(STUDY MATERIAL begins)
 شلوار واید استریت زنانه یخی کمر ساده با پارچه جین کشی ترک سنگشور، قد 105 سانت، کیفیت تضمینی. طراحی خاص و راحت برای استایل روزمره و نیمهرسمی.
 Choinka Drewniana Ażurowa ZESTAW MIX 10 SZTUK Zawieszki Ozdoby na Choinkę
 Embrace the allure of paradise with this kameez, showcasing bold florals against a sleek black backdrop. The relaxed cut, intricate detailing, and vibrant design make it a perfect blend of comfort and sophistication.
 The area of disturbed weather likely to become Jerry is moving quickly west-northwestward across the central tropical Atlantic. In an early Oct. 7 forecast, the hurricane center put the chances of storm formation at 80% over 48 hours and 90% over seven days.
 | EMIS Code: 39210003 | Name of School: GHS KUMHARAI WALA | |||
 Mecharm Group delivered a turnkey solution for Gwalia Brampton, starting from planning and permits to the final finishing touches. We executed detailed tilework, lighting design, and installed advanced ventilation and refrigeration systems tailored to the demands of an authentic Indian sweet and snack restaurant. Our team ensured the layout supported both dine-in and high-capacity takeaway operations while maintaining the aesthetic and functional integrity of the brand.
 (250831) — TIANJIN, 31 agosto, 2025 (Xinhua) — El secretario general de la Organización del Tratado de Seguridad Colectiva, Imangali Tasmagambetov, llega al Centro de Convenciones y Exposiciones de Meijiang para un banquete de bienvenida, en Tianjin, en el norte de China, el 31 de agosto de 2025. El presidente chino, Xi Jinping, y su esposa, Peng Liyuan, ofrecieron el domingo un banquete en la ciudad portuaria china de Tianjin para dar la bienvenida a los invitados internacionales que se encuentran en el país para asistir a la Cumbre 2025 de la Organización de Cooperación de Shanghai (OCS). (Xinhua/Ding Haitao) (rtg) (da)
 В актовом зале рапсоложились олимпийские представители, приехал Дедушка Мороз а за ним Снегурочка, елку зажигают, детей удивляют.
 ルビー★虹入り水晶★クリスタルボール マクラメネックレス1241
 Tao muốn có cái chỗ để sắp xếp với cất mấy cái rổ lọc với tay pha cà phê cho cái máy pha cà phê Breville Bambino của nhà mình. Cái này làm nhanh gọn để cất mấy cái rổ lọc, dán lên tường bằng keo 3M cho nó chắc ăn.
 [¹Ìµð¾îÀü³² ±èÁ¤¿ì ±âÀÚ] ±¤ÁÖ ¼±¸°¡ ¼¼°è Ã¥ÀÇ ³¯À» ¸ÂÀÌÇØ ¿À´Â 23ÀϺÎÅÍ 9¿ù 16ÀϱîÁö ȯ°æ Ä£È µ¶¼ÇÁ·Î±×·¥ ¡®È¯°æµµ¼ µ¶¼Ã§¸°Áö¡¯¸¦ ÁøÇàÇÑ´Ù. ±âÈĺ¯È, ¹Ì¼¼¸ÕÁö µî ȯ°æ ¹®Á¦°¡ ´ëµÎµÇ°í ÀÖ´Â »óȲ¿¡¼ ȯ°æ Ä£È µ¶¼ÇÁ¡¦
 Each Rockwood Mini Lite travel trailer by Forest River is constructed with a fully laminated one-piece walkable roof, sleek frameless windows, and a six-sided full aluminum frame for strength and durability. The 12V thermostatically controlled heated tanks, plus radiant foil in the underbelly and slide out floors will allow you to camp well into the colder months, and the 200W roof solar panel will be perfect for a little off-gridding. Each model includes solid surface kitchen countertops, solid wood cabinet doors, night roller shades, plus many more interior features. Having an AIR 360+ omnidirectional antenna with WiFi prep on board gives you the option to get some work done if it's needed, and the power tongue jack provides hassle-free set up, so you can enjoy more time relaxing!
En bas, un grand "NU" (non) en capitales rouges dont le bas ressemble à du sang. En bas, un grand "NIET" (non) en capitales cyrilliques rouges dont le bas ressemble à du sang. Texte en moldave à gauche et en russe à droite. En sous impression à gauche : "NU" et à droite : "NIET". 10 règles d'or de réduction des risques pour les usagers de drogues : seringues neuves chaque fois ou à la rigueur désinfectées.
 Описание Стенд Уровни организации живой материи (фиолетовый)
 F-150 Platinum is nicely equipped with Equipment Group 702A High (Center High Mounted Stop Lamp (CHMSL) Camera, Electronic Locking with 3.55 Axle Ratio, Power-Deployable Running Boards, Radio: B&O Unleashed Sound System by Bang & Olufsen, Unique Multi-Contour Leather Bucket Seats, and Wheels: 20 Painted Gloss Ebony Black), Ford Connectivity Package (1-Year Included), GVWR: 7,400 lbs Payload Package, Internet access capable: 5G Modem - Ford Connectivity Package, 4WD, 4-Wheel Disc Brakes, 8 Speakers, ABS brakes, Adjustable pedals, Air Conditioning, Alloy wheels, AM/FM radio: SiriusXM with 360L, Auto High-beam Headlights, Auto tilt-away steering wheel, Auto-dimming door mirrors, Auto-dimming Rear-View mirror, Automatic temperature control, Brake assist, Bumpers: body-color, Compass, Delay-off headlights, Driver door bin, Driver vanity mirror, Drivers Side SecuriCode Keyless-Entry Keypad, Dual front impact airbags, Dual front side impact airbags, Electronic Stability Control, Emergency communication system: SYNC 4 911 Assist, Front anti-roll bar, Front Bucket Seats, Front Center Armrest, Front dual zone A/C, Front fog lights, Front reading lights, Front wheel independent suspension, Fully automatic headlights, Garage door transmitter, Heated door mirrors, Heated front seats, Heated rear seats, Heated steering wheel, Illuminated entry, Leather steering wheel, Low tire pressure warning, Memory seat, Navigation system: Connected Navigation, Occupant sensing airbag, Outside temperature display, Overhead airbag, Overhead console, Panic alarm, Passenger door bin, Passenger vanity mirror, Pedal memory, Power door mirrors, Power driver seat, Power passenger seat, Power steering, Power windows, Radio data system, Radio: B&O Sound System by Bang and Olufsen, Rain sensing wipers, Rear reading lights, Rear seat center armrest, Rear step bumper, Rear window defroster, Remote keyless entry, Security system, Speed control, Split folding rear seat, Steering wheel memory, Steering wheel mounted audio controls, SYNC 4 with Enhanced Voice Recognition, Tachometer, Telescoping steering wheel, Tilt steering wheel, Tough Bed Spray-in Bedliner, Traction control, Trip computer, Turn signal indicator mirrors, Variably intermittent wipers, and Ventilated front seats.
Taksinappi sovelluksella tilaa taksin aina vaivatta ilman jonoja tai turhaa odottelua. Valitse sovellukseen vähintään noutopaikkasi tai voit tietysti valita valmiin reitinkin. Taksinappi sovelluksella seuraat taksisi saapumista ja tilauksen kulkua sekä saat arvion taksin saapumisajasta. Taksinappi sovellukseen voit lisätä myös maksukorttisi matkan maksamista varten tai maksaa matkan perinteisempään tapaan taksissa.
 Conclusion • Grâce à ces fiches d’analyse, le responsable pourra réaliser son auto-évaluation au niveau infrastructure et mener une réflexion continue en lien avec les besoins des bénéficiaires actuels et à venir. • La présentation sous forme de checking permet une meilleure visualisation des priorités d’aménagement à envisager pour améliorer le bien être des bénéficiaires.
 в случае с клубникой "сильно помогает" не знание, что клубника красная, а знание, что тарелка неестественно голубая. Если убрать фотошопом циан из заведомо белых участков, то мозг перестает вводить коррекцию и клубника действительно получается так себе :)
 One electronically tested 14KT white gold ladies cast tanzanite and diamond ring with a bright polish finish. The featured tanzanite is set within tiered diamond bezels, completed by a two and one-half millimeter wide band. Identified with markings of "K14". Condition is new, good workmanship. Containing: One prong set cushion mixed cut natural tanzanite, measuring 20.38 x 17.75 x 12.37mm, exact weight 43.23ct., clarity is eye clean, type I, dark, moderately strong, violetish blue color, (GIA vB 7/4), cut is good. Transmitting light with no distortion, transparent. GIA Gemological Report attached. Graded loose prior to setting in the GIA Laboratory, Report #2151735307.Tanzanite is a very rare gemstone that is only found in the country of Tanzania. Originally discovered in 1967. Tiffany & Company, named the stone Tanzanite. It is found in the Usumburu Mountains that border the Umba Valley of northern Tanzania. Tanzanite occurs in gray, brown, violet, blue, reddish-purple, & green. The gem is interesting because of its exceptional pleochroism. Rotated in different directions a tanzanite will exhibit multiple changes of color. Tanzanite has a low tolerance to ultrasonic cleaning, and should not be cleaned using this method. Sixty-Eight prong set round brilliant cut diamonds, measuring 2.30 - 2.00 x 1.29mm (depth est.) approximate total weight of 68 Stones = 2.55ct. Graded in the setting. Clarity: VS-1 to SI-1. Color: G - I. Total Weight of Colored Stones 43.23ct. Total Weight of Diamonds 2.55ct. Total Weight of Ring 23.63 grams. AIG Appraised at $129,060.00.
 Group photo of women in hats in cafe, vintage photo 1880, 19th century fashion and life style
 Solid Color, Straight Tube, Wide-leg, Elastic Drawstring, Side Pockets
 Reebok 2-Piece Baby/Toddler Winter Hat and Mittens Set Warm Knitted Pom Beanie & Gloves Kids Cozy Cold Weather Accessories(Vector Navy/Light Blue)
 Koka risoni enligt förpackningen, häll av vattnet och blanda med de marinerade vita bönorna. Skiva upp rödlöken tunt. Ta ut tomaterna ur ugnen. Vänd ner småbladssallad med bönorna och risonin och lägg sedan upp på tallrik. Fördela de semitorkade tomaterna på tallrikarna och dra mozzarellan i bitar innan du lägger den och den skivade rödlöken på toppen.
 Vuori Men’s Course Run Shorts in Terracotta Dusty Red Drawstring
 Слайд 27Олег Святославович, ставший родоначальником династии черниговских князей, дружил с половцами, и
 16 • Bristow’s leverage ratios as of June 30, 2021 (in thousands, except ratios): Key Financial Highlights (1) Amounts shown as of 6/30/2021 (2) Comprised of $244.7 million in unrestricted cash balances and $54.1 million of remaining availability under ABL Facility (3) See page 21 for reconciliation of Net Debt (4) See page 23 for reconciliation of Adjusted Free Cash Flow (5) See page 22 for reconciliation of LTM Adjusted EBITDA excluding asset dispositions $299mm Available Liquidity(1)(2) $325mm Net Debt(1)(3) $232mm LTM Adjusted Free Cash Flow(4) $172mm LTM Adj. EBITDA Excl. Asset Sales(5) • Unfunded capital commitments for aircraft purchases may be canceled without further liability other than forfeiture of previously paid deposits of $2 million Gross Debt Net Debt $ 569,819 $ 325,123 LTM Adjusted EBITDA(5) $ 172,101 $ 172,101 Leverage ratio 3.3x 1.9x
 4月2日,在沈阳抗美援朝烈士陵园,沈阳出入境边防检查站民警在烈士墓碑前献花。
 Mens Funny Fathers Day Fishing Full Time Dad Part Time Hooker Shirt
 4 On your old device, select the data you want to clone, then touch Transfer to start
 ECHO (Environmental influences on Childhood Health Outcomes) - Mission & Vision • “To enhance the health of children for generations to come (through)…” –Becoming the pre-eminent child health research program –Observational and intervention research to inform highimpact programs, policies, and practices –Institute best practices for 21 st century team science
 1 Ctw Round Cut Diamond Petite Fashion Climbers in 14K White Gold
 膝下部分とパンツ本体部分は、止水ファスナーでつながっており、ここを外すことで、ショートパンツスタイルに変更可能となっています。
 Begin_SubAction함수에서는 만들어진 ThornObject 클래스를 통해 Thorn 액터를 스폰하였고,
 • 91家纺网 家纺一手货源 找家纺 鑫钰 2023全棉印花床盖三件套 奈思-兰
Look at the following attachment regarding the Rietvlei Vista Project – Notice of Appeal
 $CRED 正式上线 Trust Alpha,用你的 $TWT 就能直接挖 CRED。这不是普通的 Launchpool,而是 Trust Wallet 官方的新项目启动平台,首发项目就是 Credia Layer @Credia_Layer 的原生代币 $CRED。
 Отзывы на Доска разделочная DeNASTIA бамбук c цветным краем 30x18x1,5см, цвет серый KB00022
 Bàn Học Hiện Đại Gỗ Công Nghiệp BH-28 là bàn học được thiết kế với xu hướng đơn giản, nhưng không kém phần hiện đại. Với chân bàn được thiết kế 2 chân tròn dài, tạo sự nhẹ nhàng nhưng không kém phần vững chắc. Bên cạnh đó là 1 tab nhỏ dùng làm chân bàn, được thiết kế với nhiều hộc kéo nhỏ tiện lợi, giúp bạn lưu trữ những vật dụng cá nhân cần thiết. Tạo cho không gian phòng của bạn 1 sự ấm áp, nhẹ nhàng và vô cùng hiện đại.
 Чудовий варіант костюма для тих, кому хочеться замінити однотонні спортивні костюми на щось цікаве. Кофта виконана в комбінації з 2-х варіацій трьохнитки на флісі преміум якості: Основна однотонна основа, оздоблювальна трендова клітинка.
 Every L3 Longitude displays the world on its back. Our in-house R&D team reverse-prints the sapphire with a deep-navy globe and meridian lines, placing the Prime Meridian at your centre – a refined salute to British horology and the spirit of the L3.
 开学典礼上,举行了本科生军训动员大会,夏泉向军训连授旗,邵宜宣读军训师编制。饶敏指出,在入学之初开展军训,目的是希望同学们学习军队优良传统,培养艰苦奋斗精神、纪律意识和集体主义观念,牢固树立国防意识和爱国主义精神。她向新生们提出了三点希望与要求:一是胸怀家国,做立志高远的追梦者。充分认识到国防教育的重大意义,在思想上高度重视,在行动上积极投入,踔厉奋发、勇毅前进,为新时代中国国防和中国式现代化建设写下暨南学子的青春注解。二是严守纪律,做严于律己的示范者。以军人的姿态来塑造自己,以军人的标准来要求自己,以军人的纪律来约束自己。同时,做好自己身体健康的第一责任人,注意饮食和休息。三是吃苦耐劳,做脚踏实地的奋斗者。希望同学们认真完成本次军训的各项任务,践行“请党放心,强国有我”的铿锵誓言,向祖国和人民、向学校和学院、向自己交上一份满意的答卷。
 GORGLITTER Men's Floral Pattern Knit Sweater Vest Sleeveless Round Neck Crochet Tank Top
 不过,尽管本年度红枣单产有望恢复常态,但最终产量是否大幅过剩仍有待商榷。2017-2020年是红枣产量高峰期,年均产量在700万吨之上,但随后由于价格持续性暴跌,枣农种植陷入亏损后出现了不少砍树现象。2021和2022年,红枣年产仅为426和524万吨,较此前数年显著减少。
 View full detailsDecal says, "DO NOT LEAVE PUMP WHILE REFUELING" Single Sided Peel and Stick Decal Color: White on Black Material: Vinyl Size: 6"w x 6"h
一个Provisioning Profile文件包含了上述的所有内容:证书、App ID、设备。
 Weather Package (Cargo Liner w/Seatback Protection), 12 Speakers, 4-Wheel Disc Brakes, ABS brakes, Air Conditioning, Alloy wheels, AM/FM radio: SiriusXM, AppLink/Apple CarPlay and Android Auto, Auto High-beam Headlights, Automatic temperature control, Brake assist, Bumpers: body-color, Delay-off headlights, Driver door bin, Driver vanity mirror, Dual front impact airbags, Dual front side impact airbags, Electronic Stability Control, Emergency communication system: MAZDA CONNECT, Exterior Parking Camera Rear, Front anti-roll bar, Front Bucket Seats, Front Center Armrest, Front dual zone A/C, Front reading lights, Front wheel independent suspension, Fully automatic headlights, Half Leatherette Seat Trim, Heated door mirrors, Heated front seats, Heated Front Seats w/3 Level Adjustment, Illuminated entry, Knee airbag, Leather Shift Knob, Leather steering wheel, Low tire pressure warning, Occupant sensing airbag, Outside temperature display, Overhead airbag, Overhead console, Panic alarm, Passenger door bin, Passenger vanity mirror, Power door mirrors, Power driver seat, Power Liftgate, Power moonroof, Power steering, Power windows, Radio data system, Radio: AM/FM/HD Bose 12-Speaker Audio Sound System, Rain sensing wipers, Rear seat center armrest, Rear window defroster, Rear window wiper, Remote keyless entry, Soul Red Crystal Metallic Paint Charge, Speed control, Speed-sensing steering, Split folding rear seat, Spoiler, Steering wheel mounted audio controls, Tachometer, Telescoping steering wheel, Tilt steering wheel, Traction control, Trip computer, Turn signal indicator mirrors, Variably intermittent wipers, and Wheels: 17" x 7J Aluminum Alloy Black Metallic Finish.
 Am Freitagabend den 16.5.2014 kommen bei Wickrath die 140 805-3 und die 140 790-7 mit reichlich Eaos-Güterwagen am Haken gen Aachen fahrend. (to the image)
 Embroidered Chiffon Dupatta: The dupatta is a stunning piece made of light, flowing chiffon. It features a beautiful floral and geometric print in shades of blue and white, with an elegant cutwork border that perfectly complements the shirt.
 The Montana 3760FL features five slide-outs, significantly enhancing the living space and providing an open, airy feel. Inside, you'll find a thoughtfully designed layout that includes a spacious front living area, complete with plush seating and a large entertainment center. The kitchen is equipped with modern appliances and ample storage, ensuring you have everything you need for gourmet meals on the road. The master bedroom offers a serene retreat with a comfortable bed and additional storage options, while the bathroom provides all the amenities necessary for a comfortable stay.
(STUDY MATERIAL ends)
## YOUR ASSIGNMENT
The answer is the lines above between the line holding "Koka risoni enligt" and the line holding "Слайд 27Олег Святославович, ставший", inclusive, each written out exactly, and no others.

## ANSWER TO THE EXERCISE
 Koka risoni enligt förpackningen, häll av vattnet och blanda med de marinerade vita bönorna. Skiva upp rödlöken tunt. Ta ut tomaterna ur ugnen. Vänd ner småbladssallad med bönorna och risonin och lägg sedan upp på tallrik. Fördela de semitorkade tomaterna på tallrikarna och dra mozzarellan i bitar innan du lägger den och den skivade rödlöken på toppen.
 Vuori Men’s Course Run Shorts in Terracotta Dusty Red Drawstring
 Слайд 27Олег Святославович, ставший родоначальником династии черниговских князей, дружил с половцами, и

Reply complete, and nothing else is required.